* _DATA_:

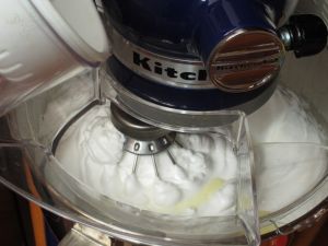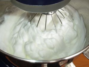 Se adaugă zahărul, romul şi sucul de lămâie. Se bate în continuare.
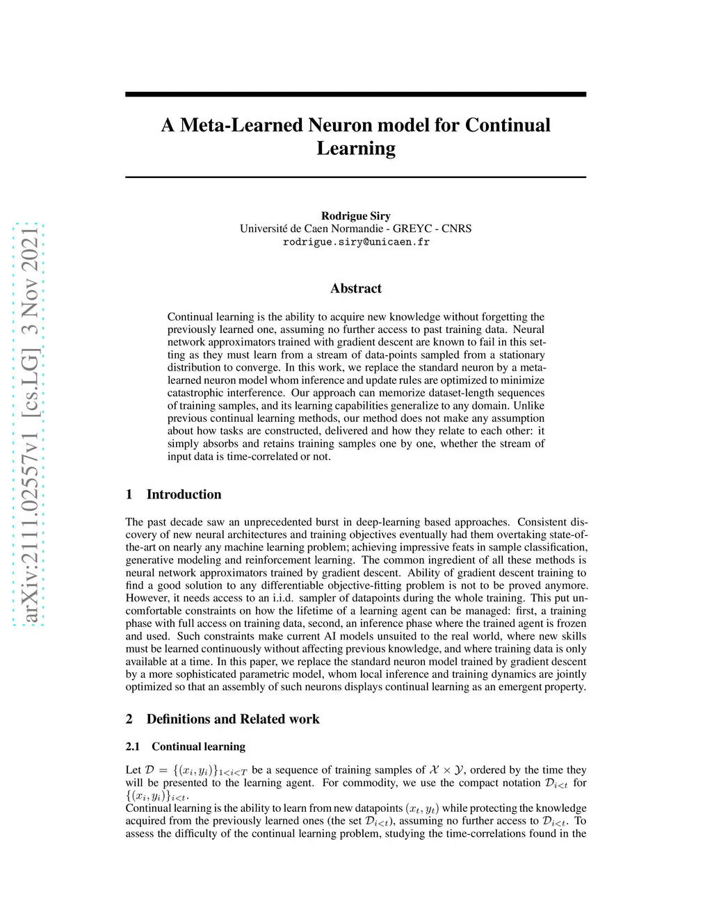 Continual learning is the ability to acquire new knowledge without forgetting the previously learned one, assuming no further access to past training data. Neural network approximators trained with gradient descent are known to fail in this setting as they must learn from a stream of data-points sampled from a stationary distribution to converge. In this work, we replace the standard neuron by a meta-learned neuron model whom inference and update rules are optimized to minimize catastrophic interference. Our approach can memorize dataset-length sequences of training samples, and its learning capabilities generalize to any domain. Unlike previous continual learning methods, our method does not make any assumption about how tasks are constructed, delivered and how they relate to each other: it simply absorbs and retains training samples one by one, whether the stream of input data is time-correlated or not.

---

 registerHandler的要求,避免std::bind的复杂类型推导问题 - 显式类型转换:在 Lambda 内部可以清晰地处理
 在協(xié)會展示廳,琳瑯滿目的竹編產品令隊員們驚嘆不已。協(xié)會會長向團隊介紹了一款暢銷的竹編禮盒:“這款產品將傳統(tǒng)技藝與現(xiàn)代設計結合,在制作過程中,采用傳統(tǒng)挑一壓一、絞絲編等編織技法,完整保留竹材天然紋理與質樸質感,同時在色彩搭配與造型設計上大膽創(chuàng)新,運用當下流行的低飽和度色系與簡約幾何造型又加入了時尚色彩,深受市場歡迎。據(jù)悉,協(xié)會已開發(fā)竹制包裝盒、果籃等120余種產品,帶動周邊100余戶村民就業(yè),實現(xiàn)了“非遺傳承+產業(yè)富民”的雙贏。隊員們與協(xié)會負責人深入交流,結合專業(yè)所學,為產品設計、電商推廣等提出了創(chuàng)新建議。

* _EXERCISE DESCRIPTION_:
In the material above, transcribe exactly the lines beginning at the one with "registerHandler的要求,避免std::bind的复杂类型推导问题 - 显式类型转换:在" and ending at the one with "在協(xié)會展示廳,琳瑯", both included.

* _EXERCISE OUTPUT_:
 registerHandler的要求,避免std::bind的复杂类型推导问题 - 显式类型转换:在 Lambda 内部可以清晰地处理
 在協(xié)會展示廳,琳瑯滿目的竹編產品令隊員們驚嘆不已。協(xié)會會長向團隊介紹了一款暢銷的竹編禮盒:“這款產品將傳統(tǒng)技藝與現(xiàn)代設計結合,在制作過程中,采用傳統(tǒng)挑一壓一、絞絲編等編織技法,完整保留竹材天然紋理與質樸質感,同時在色彩搭配與造型設計上大膽創(chuàng)新,運用當下流行的低飽和度色系與簡約幾何造型又加入了時尚色彩,深受市場歡迎。據(jù)悉,協(xié)會已開發(fā)竹制包裝盒、果籃等120余種產品,帶動周邊100余戶村民就業(yè),實現(xiàn)了“非遺傳承+產業(yè)富民”的雙贏。隊員們與協(xié)會負責人深入交流,結合專業(yè)所學,為產品設計、電商推廣等提出了創(chuàng)新建議。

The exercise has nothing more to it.